Extracted records:
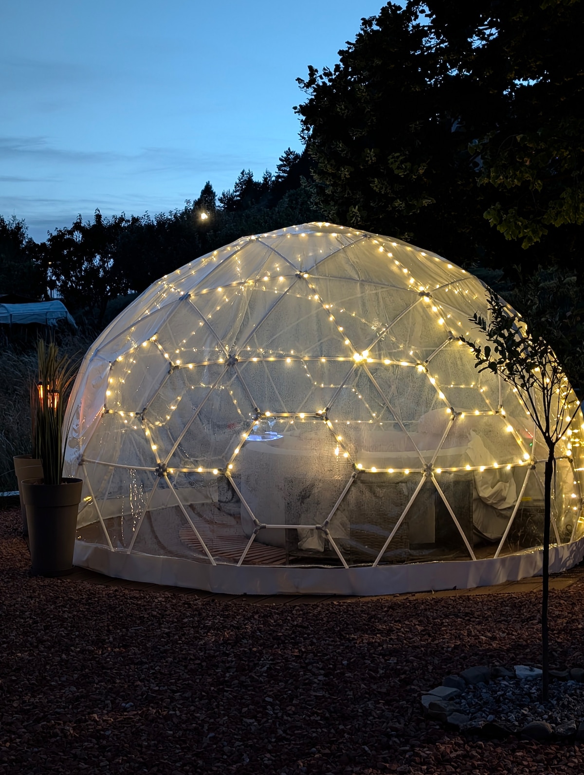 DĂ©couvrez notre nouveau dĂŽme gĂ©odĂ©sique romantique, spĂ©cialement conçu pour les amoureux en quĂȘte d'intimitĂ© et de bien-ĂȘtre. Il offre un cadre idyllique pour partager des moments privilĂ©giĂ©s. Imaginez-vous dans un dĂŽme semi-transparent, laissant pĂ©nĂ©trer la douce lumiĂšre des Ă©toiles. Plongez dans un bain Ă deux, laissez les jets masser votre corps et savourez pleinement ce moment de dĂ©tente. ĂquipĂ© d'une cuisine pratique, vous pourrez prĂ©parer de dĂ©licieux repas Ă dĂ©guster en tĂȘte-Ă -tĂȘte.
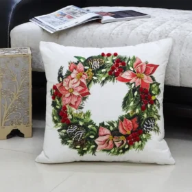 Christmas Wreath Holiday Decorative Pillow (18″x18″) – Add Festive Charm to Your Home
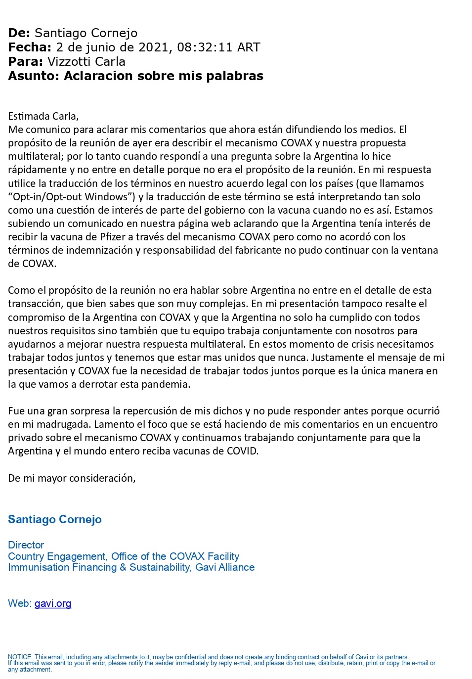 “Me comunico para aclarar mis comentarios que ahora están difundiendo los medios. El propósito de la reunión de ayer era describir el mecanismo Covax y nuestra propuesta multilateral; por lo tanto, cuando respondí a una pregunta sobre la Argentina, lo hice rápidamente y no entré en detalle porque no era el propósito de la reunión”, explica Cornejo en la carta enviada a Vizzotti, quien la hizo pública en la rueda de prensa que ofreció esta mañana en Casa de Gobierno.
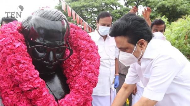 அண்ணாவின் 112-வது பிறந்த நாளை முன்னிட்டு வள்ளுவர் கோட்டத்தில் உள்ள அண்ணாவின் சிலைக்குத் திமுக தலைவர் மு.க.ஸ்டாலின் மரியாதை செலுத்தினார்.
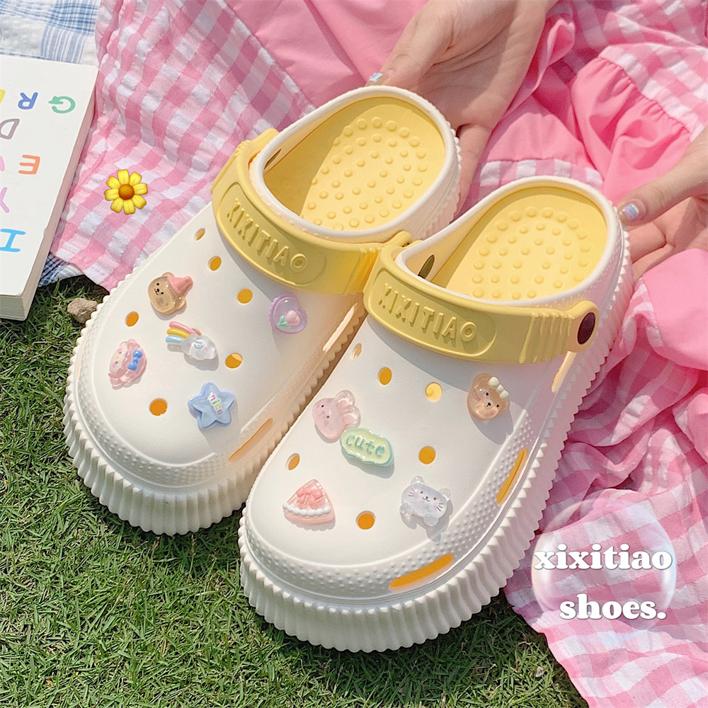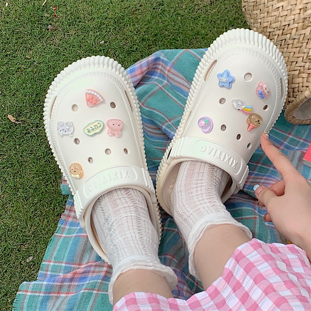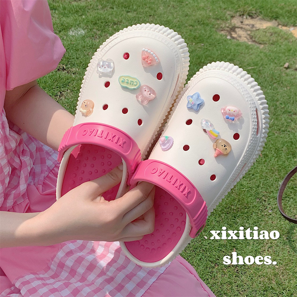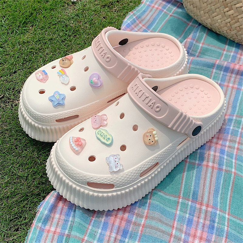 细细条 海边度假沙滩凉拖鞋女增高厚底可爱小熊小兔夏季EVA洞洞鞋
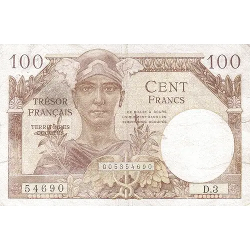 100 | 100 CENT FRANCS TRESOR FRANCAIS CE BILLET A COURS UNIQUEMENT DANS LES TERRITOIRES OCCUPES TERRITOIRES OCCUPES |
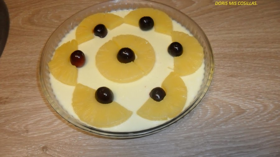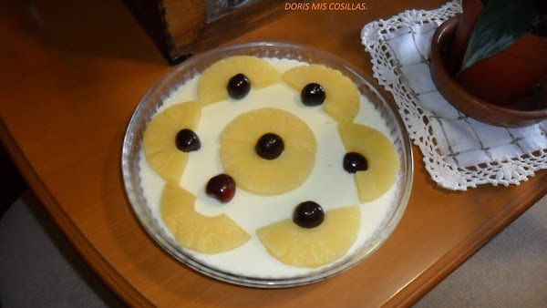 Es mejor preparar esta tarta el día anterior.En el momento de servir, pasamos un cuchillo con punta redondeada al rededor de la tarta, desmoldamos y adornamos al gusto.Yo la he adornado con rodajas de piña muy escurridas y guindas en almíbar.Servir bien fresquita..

Assignment:
Find the line containing "100 | 100 CENT" in the records above and restate it, and each line after it through the end, word for word, dropping the pictures.

Solution for this problem:
 100 | 100 CENT FRANCS TRESOR FRANCAIS CE BILLET A COURS UNIQUEMENT DANS LES TERRITOIRES OCCUPES TERRITOIRES OCCUPES |
 Es mejor preparar esta tarta el día anterior.En el momento de servir, pasamos un cuchillo con punta redondeada al rededor de la tarta, desmoldamos y adornamos al gusto.Yo la he adornado con rodajas de piña muy escurridas y guindas en almíbar.Servir bien fresquita..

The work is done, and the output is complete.